Едва я заглянул внутрь, как послышались приглушенные голоса. Говорили явно на кухне, но дверь туда была заперта, и слов было не разобрать. Стена кухни выходила небольшим вентиляционным оконцем в уборную. В норме это была мойка, но в лютые зимы выбегать на улицу по нужде было проблематично, потому между домашними было условлено, что нужник в виде отдельно стоящего корыта временно располагался именно там. Остальной дом, казалось, спал беспробудным сном. Незамеченный, я на четвереньках прошмыгнул в мойку, предусмотрительно выставляя вперед руки, чтобы не вляпаться в корыто, еще полное испражнений с ночи. Таким образом я добрался до заветного оконца, что тускло светило под потолком. Оттуда тянуло табаком — сидевшие на кухне мужчины, очевидно, закурили. Первые секунды мне казалось, что их уже нет в доме, такая стояла тишь. Но вдруг из окна донеслись четкие шаги. Ходил незнакомец. Хозяйскую поступь я бы из множества узнал. Тяжелые шаги вдруг затихли, и я уловил тихий разговор:
—…Не думал ли ты, Курьма, что я прощу тебе долг? — сурово поинтересовался путник.
— Егеря не приходят сюда ежегодно, — ледяным тоном отвечал хозяин.
Я знал этот тон. То был тон лютой ненависти вперемешку с бессилием. Так, тихо, сквозь зубы, скрипя металлом, говорил хозяин лишь в моменты истинного гнева.
— Я решил, — продолжал хозяин, — ты не явишься ранее теплых мен.
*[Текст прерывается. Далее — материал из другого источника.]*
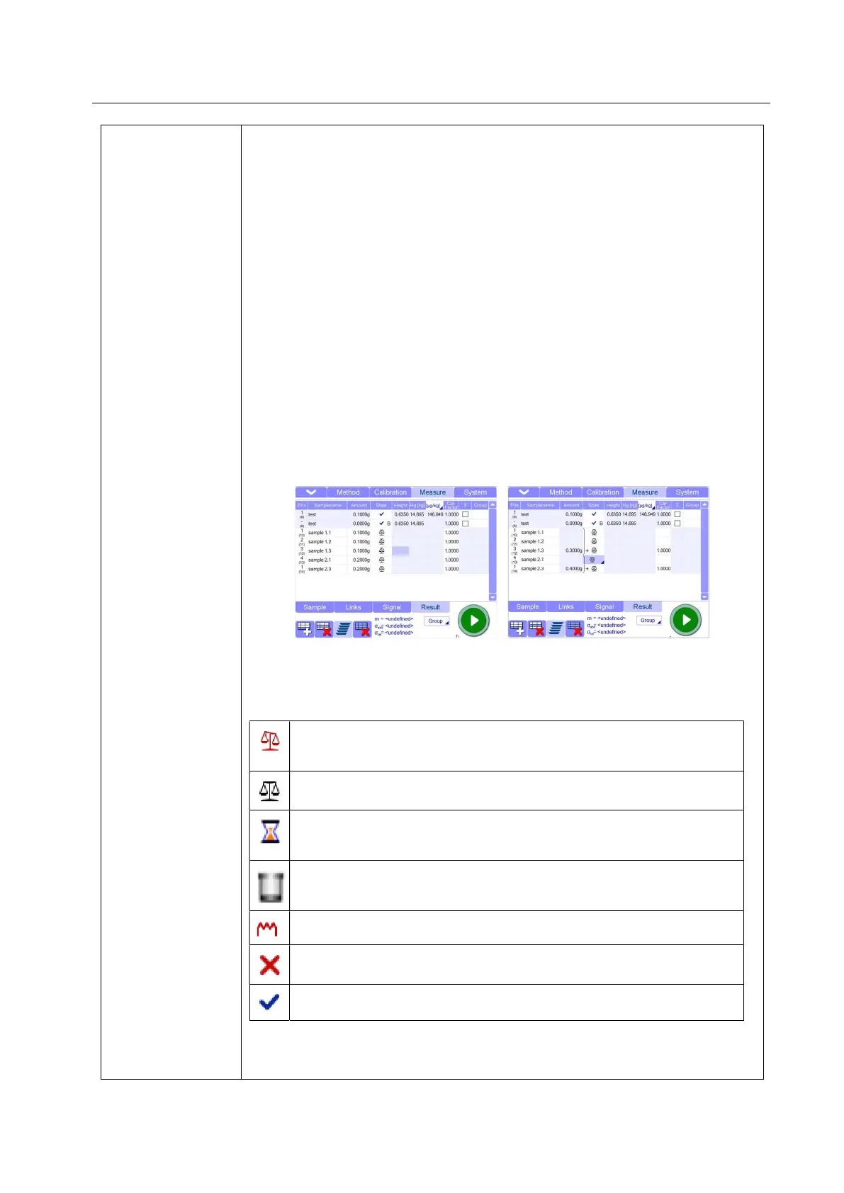 Sample has not been weighed yet or the amount has not been

Я и сейчас-то не признал тебя, егерь. В такую погоду до нашего куреня не добраться.
— И ты решил поднять руку на спящего егеря, не разобравшись? — спокойно спросил незнакомец.
— Мне не нужны лишние рты. Зиме конца и края не видать, а у меня горючий камень на исходе, скотину и ту обогревать нечем. Придется забивать раньше времени…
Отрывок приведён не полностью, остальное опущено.